The California State Capitol Building in Sacramento (file photo)
Andrew Nixon
/
Capital Public Radio
The California State Capitol Building in Sacramento (file photo)

The campaign for a November ballot measure to raise California’s tobacco tax is criticizing reported threats it says came from industry lobbyists. The targets are six anti-tobacco bills passed by the Legislature last week. As Ben Adler reports from Sacramento, the threats may be provocative – but they’re also legal.

If the anti-tobacco bills become law, the tobacco industry has reportedly threatened to use California’s referendum process to overturn at least some of them. The industry has threatened to pay $10 for every voter signature. That would drive up the cost to qualify every other ballot measure gathering signatures – including the tobacco tax increase, and Governor Jerry Brown’s proposed overhaul of California’s criminal justice sentencing system. Jim Knox is with the American Cancer Society, which supports the tobacco tax.

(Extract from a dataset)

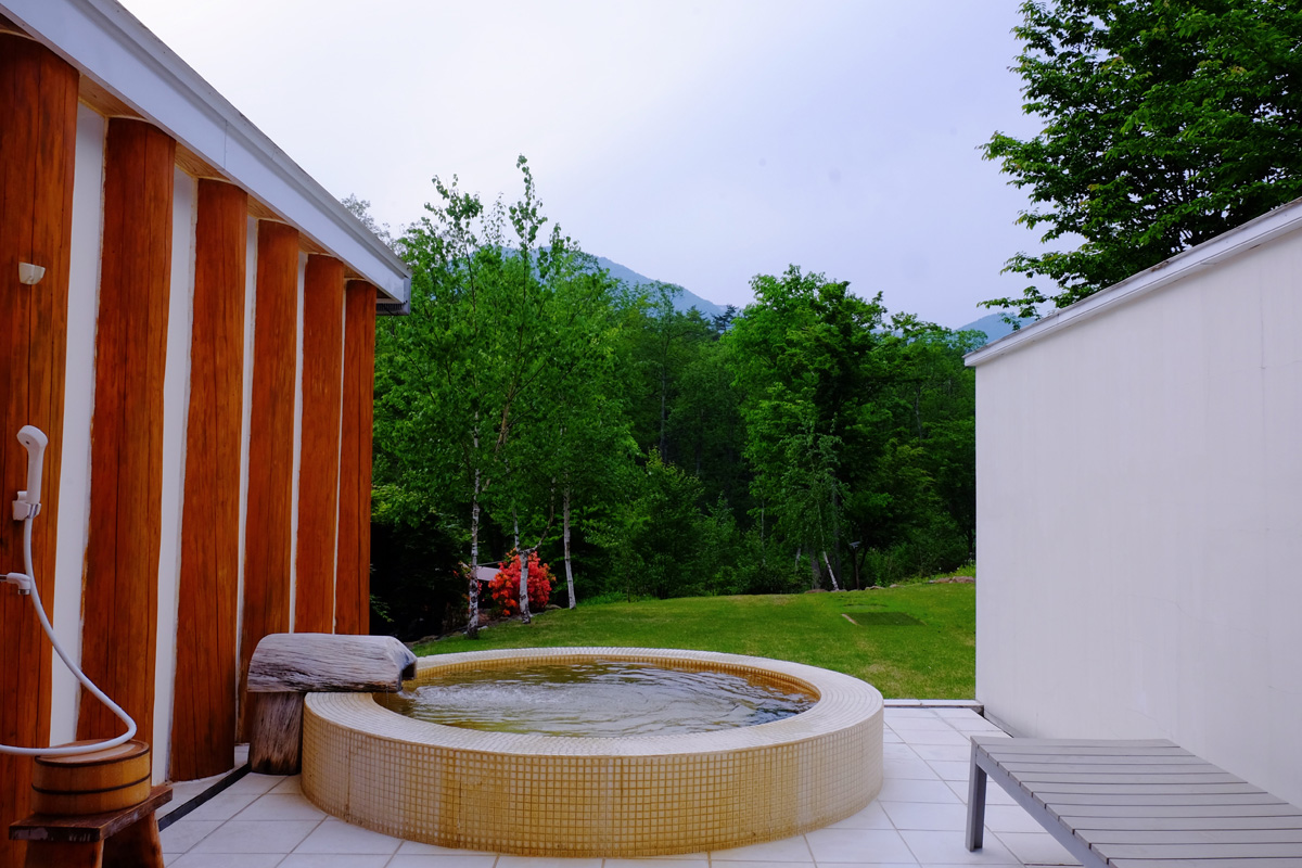 敷地内から湧き出る白馬みずばしょう温泉は、足湯のほか、貸切露天と大浴場で楽しむことができます。

Knox: “This is an industry that will stoop to anything to continue its business model to try to addict kids to a lifelong nicotine habit.”

Neither the lobbyist accused of making a threat nor his client, the tobacco company Altria, responded to requests for comment. But three experts we spoke with say the threats appear to be perfectly legal. Retired FBI agent James Wedick used to investigate corrupt California lawmakers.

Wedick: “Yes, it may sound nasty and they’re fighting, but that doesn’t make it a federal criminal case.”

Loyola Law School professor Jessica Levinson:

Levinson: “I don’t think it rises to the level of extortion under the California penal code.”

And Gary Winuk, the former chief of enforcement for California’s Fair Political Practices Commission.

Winuk: “Although some may find that type of influencing distasteful, it really doesn’t violate the Political Reform Act or any other ethics law.”

In what could be a political countermove, the Legislature still hasn’t sent the bills to the governor – even though they won final approval last week. That means Brown’s 12-day decision period hasn’t begun. The longer this drag on, the longer it’ll be before the tobacco industry can start paying for signatures – presuming, of course, that Brown signs the bills – which is not guaranteed.